MagiCapture: High-Resolution Multi-Concept Portrait Customization

Authors: Junha Hyung, Jaeyo Shin, Jaegul Choo

AAAI 2024 | Conference PDF | Archive PDF | Plain Text | LLM Run Details

Reproducibility Variable Result LLM Response
Research Type Experimental Magi Capture outperforms other baselines in both quantitative and qualitative evaluations and can also be generalized to other non-human objects. The paper includes dedicated sections for "Experiments," "Training Details," "Comparisons," and "Ablation Study," which detail empirical studies and performance metrics.
Researcher Affiliation Academia Junha Hyung*1, Jaeyo Shin*2, and Jaegul Choo1 1KAIST AI 2Sogang University {sharpeeee, jchoo}@kaist.ac.kr, tlswody123@sogang.ac.kr
Pseudocode No The paper describes its methods using prose and mathematical equations but does not include any explicitly labeled pseudocode or algorithm blocks.
Open Source Code No The paper does not explicitly state the release of its source code or provide a link to a code repository for the methodology described.
Open Datasets Yes We choose 10 identities, 7 from VGGFace (Cao et al. 2018) and 3 in-the-wild identities gathered from the internet. We also manually select 10 style concepts...
Dataset Splits No The paper mentions training steps and the number of source/reference images used (4 to 6), but it does not specify explicit train/validation/test dataset splits with percentages, sample counts, or references to predefined splits.

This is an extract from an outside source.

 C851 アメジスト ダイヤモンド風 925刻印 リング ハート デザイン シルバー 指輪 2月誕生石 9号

Hardware Specification Yes The model is trained on a single GeForce RTX 3090 GPU, using a batch size of 1 and gradient accumulation over 4 steps.
Software Dependencies No The paper mentions using 'pre-trained Stable Diffusion V1.5' but does not specify version numbers for general software dependencies such as Python, PyTorch, TensorFlow, or other libraries required for replication.

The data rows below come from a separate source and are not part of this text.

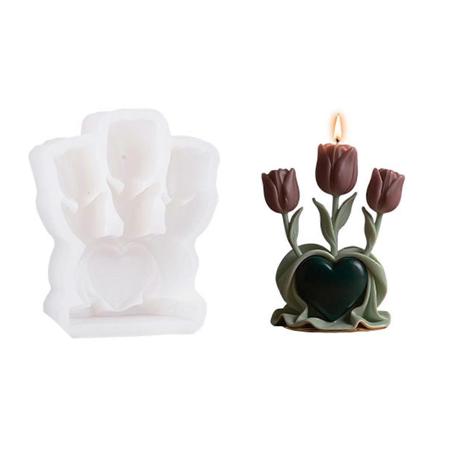Heart Tulips Silicones Mould Flowers Scented Candle Molds Casting Mould Epoxy Resin Molds Soap Molds Craft Supplies Multicolor
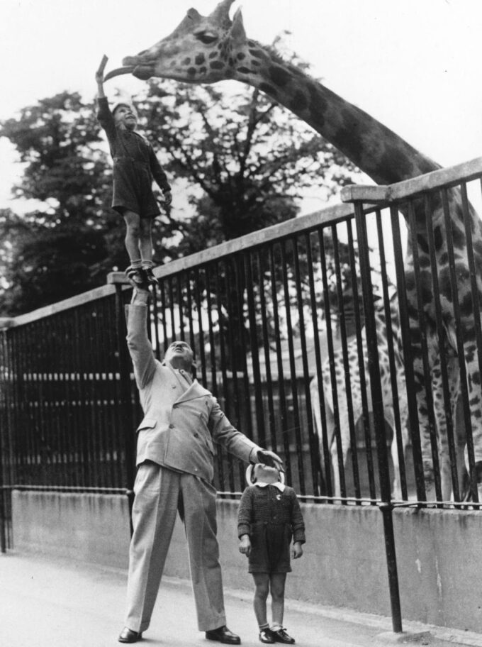(Photo of circus entertainer Paul Remos and his sons feeding a giraffe at the London Zoo, 1950s)
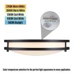 Experience the perfect blend of functionality and style with the 16-inch Lauderdale flush mount ceiling fixture—your ideal lighting solution for every room. This modern fixture features a unique color temperature selection option, allowing you to customize the ambiance of your space to meet your specific needs. During installation, you can easily choose from five distinct color temperature settings: warm white (2700K or 3000K) for a cozy and inviting atmosphere; cool white (3500K or 4000K) for a balanced and neutral setting; or daylight (5000K) for vibrant and energizing illumination.
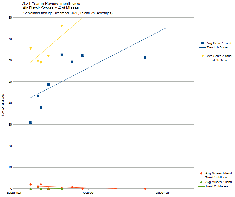 As we moved into October, and as I built up tolerance to holding the air pistol up, I switched to primarily shooting 1 handed.

Experiment Setup Yes The first training phase consists of a total of 1200 steps, with a learning rate 5e-4 for updating the text embeddings. In the second Lo RA phase, the learning rate is 1e-4 for the projection layers and 1e-5 for the text embeddings, with a total of 1500 training steps. The model is trained on a single GeForce RTX 3090 GPU, using a batch size of 1 and gradient accumulation over 4 steps.